_Input_.
________________________

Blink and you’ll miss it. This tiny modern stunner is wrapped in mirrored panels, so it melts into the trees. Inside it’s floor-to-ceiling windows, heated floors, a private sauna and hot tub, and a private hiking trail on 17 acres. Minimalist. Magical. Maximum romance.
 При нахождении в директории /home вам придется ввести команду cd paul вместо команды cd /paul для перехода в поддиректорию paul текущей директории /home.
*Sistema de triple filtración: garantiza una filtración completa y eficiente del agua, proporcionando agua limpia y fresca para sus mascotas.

________________________

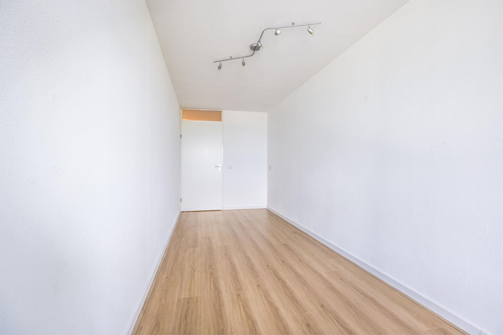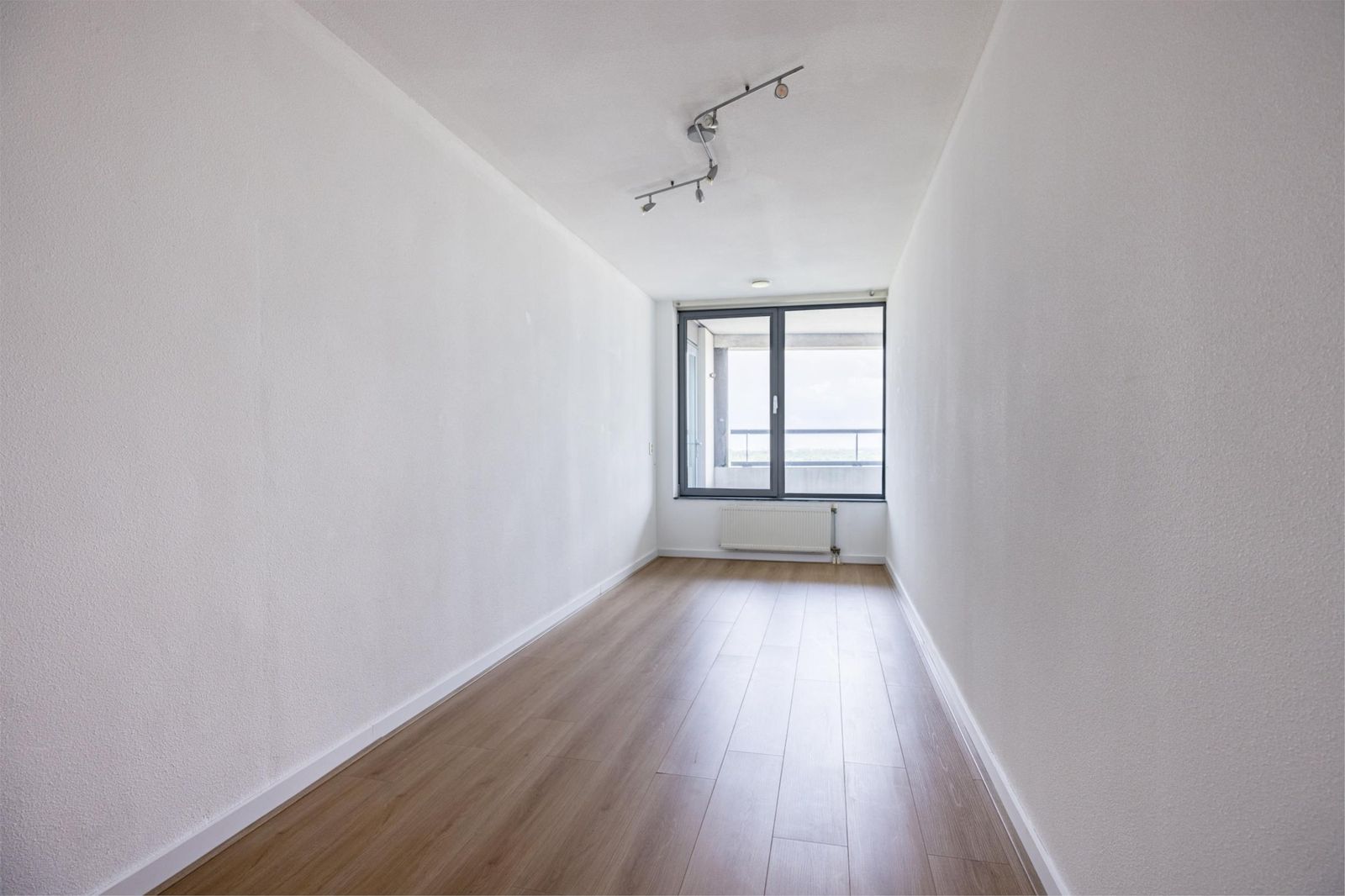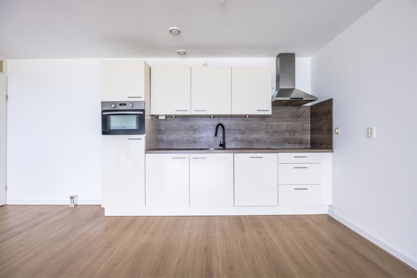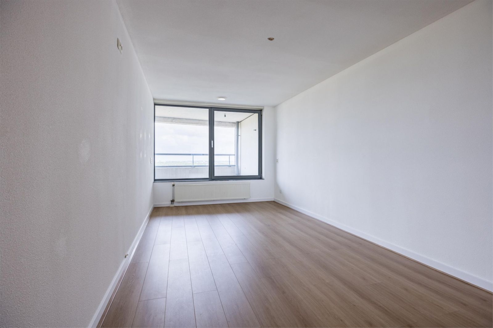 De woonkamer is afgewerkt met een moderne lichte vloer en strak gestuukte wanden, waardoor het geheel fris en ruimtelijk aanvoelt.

________________________

_Work task_.
The entries above hold a line with "Blink and you’ll" and a later line with "para sus mascotas.". Write out exactly those lines and all lines between, nothing more.

_Task response_.
Blink and you’ll miss it. This tiny modern stunner is wrapped in mirrored panels, so it melts into the trees. Inside it’s floor-to-ceiling windows, heated floors, a private sauna and hot tub, and a private hiking trail on 17 acres. Minimalist. Magical. Maximum romance.
 При нахождении в директории /home вам придется ввести команду cd paul вместо команды cd /paul для перехода в поддиректорию paul текущей директории /home.
*Sistema de triple filtración: garantiza una filtración completa y eficiente del agua, proporcionando agua limpia y fresca para sus mascotas.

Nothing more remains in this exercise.